We've undergone some changes in the way we store code, and we need to undergo some changes in the way we put it on the server. If we don't test before and after we make these changes, we could easily break something without knowing that we've broken it. But testing takes time. If I am responsible for doing every level of test planning and testing, as well as planning how to move the code without losing anything, it will take weeks longer to get to the point where we can move it. It will also become likely that something else will change in the interim, so we'll have to begin the cycle again without making any progress.

People who work at Google are motivated by some combination of enjoyment of the tasks involved in their jobs, satisfaction from accomplishing the assignments that they're not initially able to do, and financial incentives for doing their work. Their jobs require them to learn new skills and to do what has to be done, not just what they know they already enjoy doing.

Tatoeba can't provide financial incentives, but we can give you everything else, including the chance to move beyond what you already know you can do to tackle what has to be done (write up a test plan, collect bug reports and enhancement requests from the Wall, fix code written in PHP even if your favorite programming language is Python), and feel proud of what you've accomplished. You can also feel pleased that you're keeping Tatoeba going so that you can continue to add sentences to the corpus.

There is one more reason why we need a coordinated team to connect the gaps: You don't want anyone to burn out because they're asked to do too much.

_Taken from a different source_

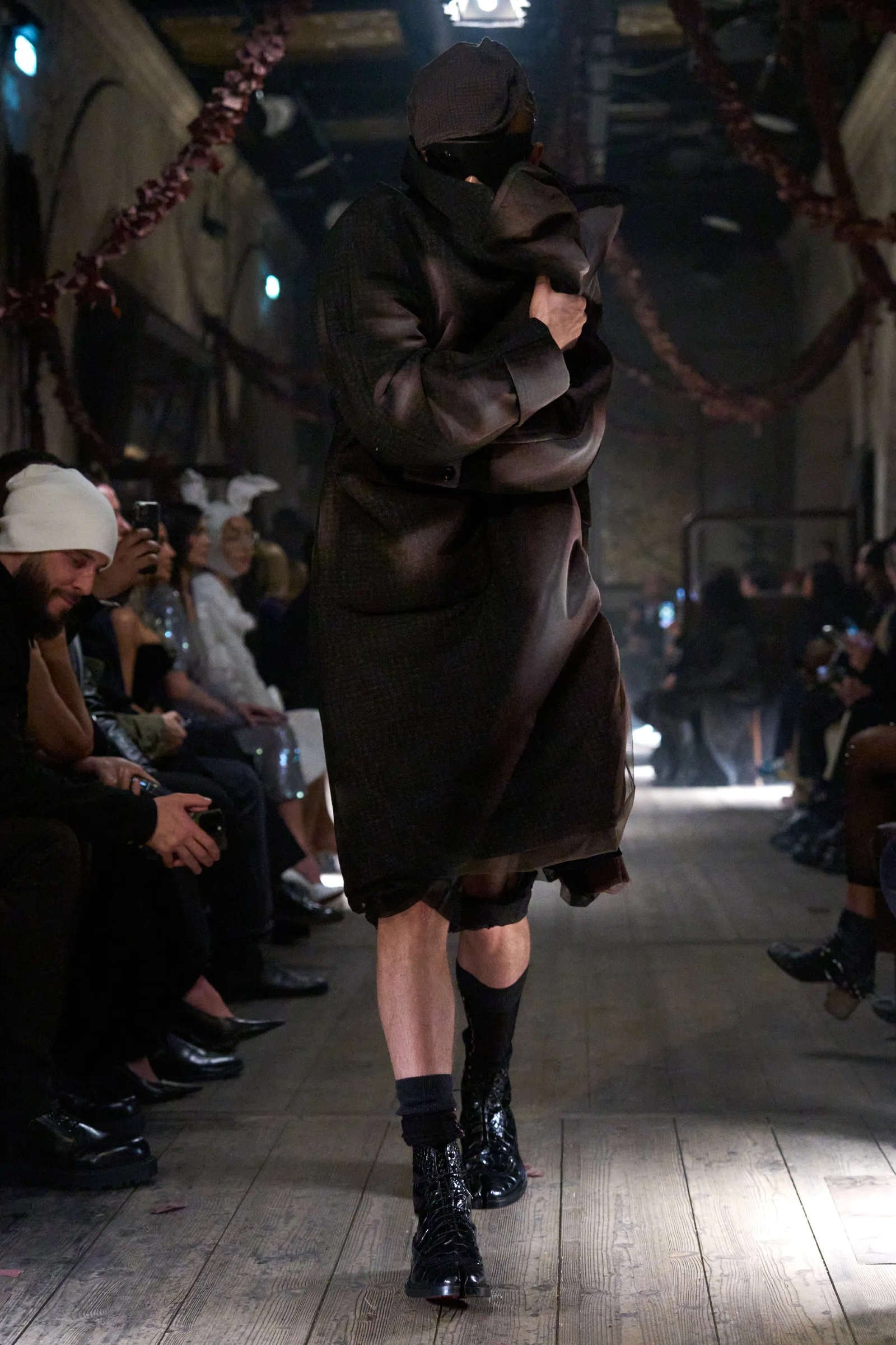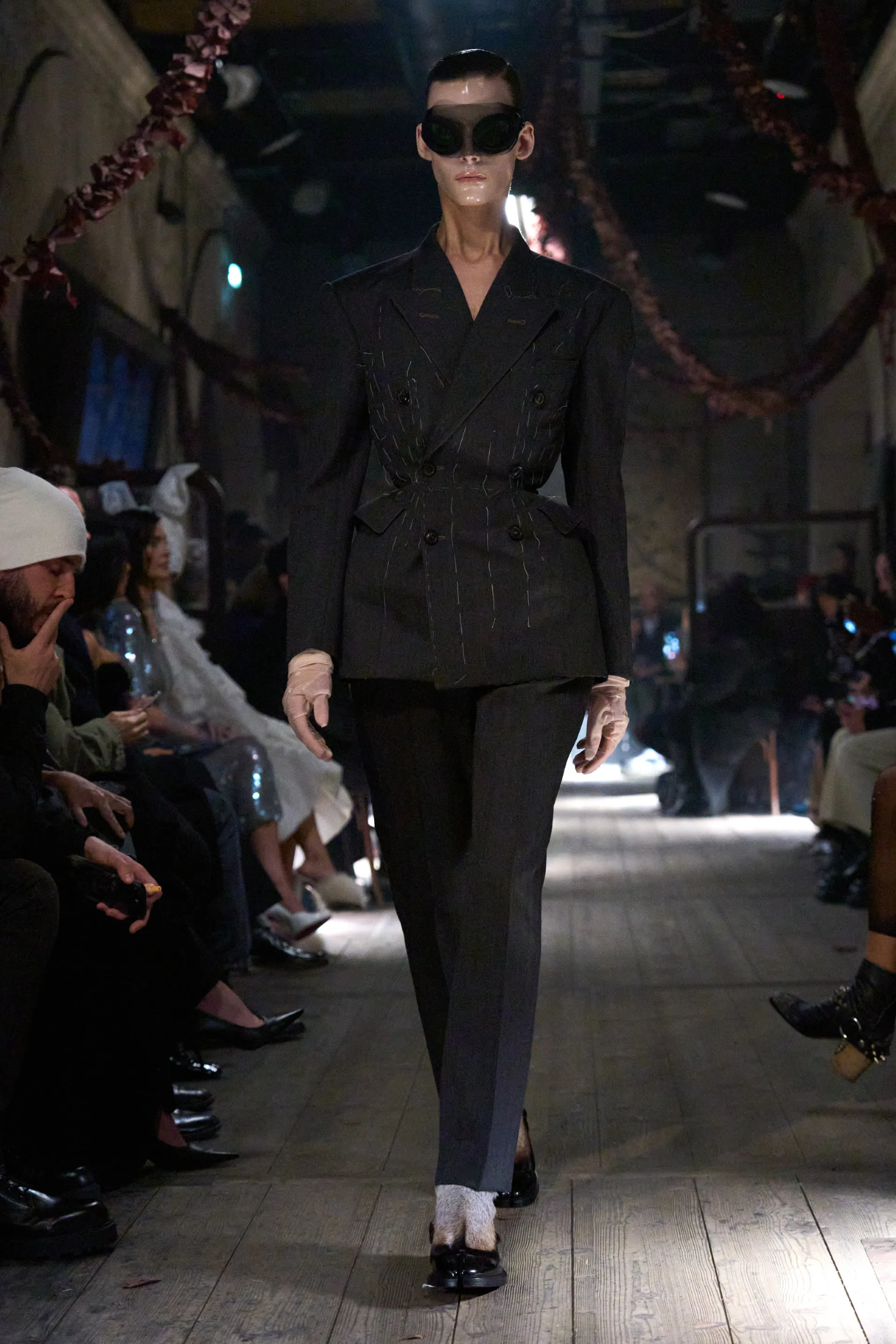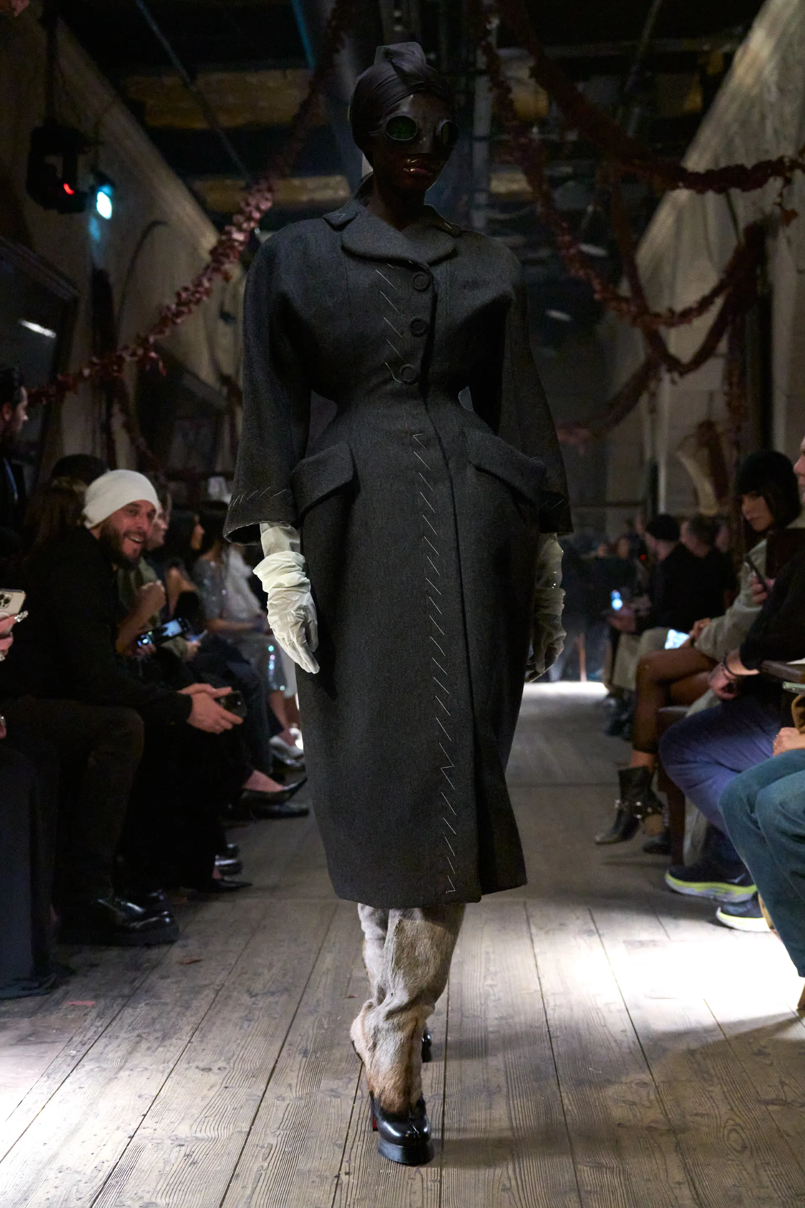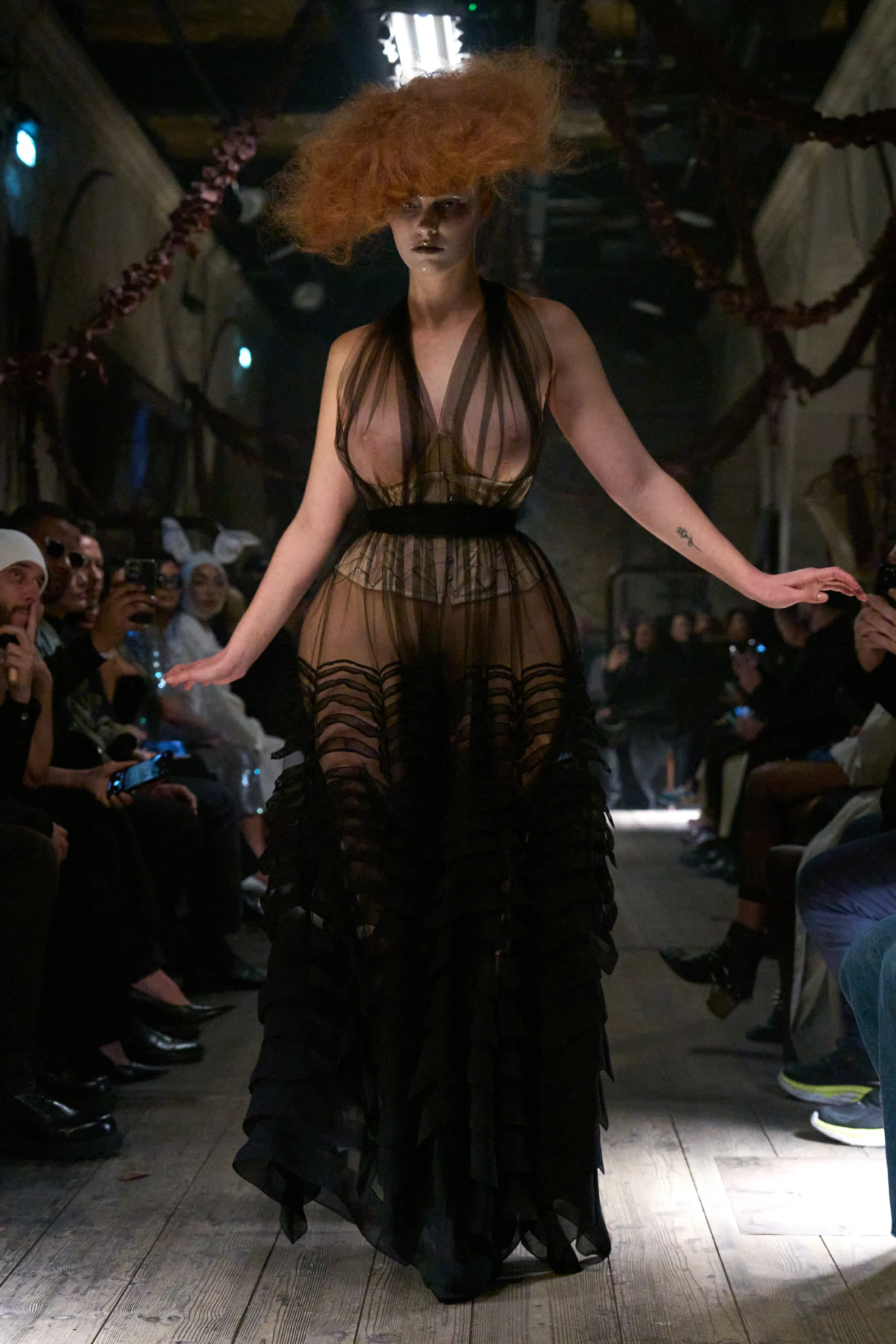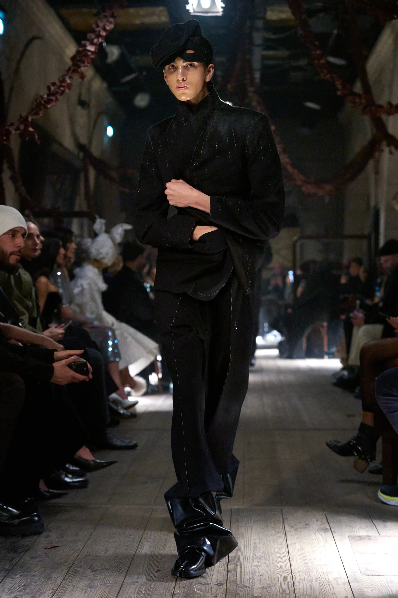 Mis en scène lors de la première pleine lune de l'année sous le Pont Alexandre III, entre brumes, lumières au gaz et une atmosphère de bas-fonds décadent, inspiré des muses sombres du début du siècle de Kees van Dongen et des photographies crépusculaires de Brassaï, le triomphe de Margiela a été supérieur à la somme de ses parties individuelles. Curieusement, pour ce défilé, on peut parler de mode mais pas de vêtements : les poupées burlesques, les rejetés qui marchent contractés par le froid dans des manteaux fermés et tordus, les Junons et les nymphes malades qui auraient plu à Baudelaire étaient vêtus uniquement de corsets et de robes Belle Époque en organza complètement transparent. Le maquillage rappelait celui de poupées de porcelaine inquiétantes ou de visages souillés d'huile, les coiffures ébouriffées et les chapeaux exprimaient un tourment romantique, un goût pour le drame et la beauté inhérents à chaque décomposition. Les corps abondants, dénudés, contraints dans des corsets exposés comme si ces vêtements d'époque avaient été dévorés par les mites jusqu'à atteindre leur âme la plus fine et impalpable, la sensualité troublante et funèbre à la fois, et même un sens surréaliste du grotesque qui effaçait certains visages et dessinait les seins des mannequins avec des coups de pinceau imprimés dans le tissu des collants peints – il n'y avait rien de réconfortant et de rassurant dans ce défilé, aucune affection pour l'énergie et le dynamisme, aucun optimisme feint. C'était un récit noir, un mystère de Paris digne d'Eugène Sue, un concept enfin détaché de l'obsession de décrire, commenter et réagir au présent.

We all have commitments, and are limited to how much time we can contribute. If someone senses that he or she doesn't have enough time to do a job right, they'll drop out entirely. Let's make sure that we take full advantage of the incredibly talented people who've gotten us this far, and those who have yet to join us, by making sure that all the pieces fit together.

Please send me a note telling me how you'd like to help. Many thanks!